It seems that coding tests are conducted overseas in interviews with engineers, and in many cases, the main thing is to implement specific functions and classes according to the theme.
As a countermeasure, it seems that a site called Let Code will take measures.
A site that trains algorithmic power that can withstand coding tests that are often done in the home.
I think it's better to have the algorithm power of a human being, so I'll solve the problem irregularly and write down the method I thought at that time as a memo.
Leet Code Table of Contents Starting from Zero
Last time Leet Code Day 38 starting from zero "208. Implement Trie (Prefix Tree)"
I'm currently solving the Top 100 Liked Questions Medium.
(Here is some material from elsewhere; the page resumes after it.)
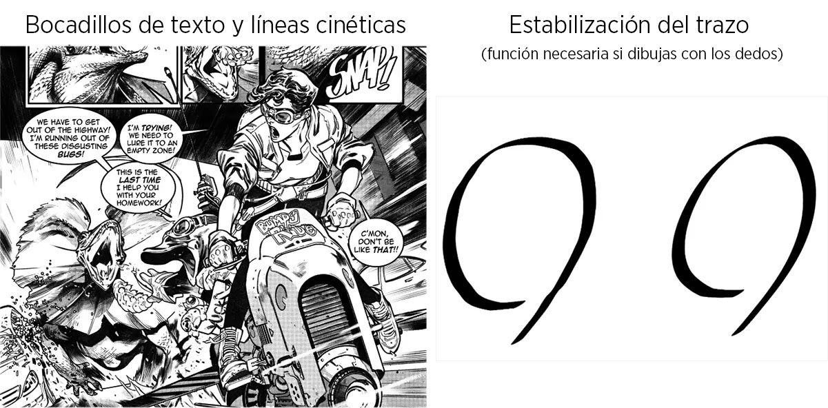 Ambas incluyen funciones para crear fácilmente viñetas, bocadillos y trazos fluidos, por lo que son ideales tanto para crear como para compartir cómics y webtoons en línea.
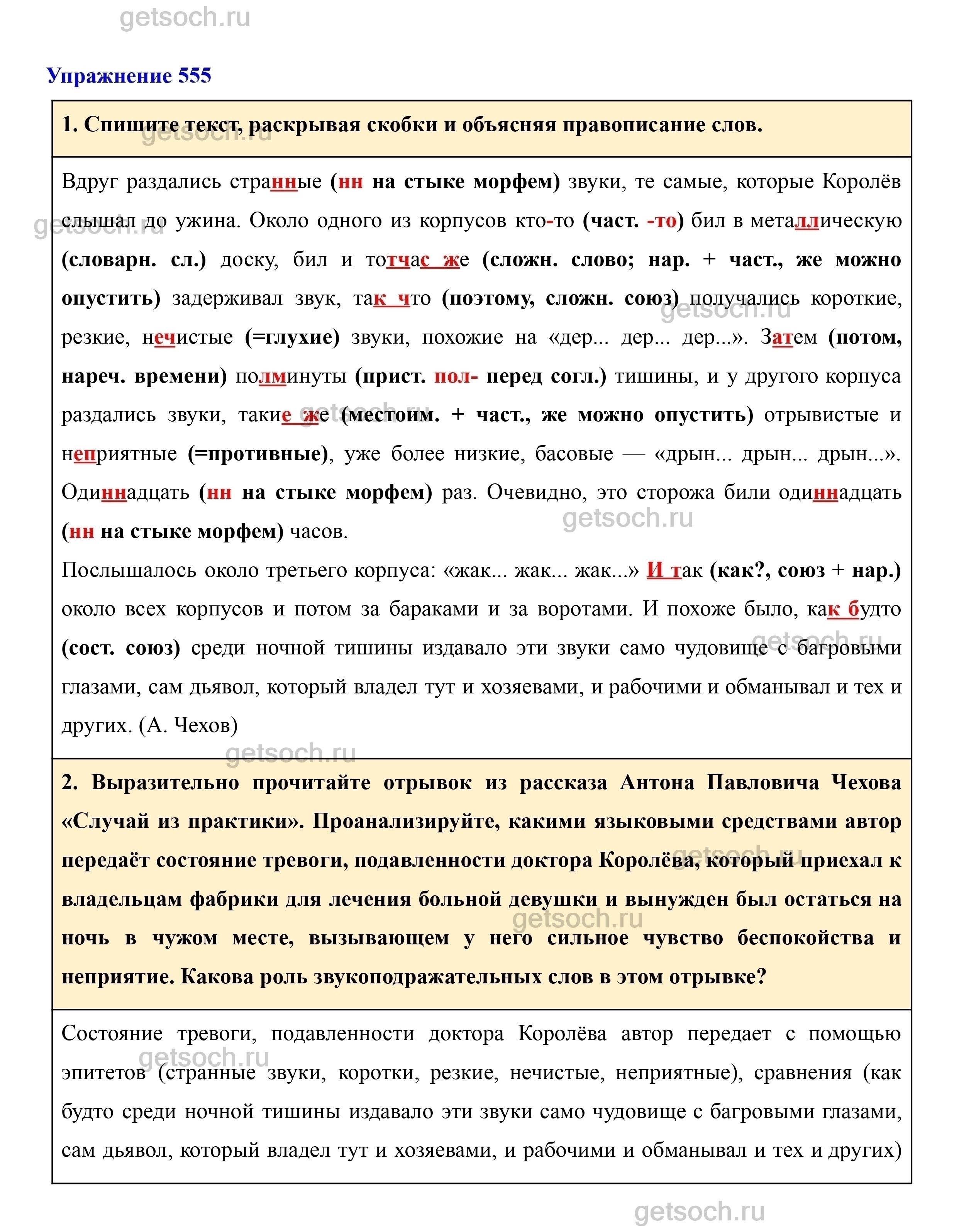 Рассмотрим ответы на Упражнение 555 из учебника по русскому языку для 7 класса Разумовской

I solved all Easy, so if you are interested, please go to the table of contents.
Twitter I'm doing it.
Given an array of natural numbers nums
and a natural number S
.
Given + and-, add or subtract all the arrays and return the number of combinations that match the value of S.
Input: nums is [1, 1, 1, 1, 1], S is 3. Output: 5 Explanation:
-1+1+1+1+1 = 3 +1-1+1+1+1 = 3 +1+1-1+1+1 = 3 +1+1+1-1+1 = 3 +1+1+1+1-1 = 3
There are 5 ways to assign symbols to make the sum of nums be target 3.
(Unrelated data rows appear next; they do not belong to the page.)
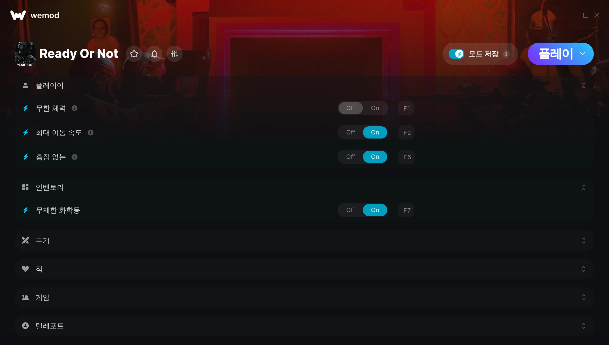 Launch wemod ->click play -> go singleplayer -> select mission -> enter mission -> activate cheats
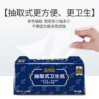 五月花(May Flower)卫生纸 4层90抽*18包抽取式厕所用纸易溶水可直接冲马桶 整箱售
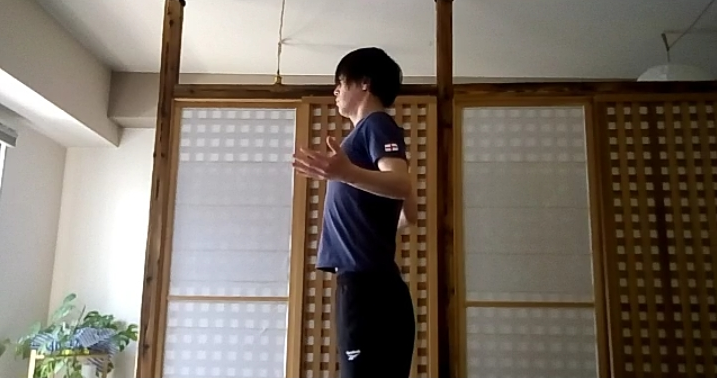 気をつけの状態から手の平を外側へ向けるだけで肩甲骨が少し内側へ動くのを感じます。
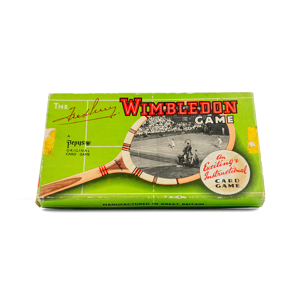 Introducing Perry’s Wimbledon Game, an original Pepys card game that beautifully simulates the sport of tennis. As stated on the box, it is "an exciting and instructional card game," making it both entertaining and informative for players of all ages.

It is like this. You can see what I want to say from the example.
class Solution:
def calc(self,nums,index,sums,S):
if index == len(nums):
if sums == S:
self.count += 1
else:
self.calc(nums,index+1,sums+nums[index],S)
self.calc(nums,index+1,sums-nums[index],S)
def findTargetSumWays(self, nums: List[int], S: int) -> int:
self.count = 0
self.calc(nums,0,0,S)
return self.count
# Time Limit Exceeded
At first I wrote it with the intention of solving it with Bruteforce, but the time has expired.
So I rewrote it.
from functools import lru_cache
class Solution:
def findTargetSumWays(self, nums: List[int], S: int) -> int:
@lru_cache(None)
def calc(index,S):
if index == 0:
return int(nums[0] == S) + int(-nums[0] == S)
return calc(index-1, S - nums[index]) + calc(index-1, S + nums[index])
return calc(len(nums)-1, S)
# Runtime: 240 ms, faster than 74.28% of Python3 online submissions for Target Sum.
# Memory Usage: 31.5 MB, less than 50.00% of Python3 online submissions for Target Sum.
Leet Code Day 25 "70. Climbing Stairs" starting from zero
However, using the @lru_cache
that appeared, I prepared and implemented calc
as a helper function.
I was able to implement it with a good feeling, so it is important to continue learning and leave it in shape.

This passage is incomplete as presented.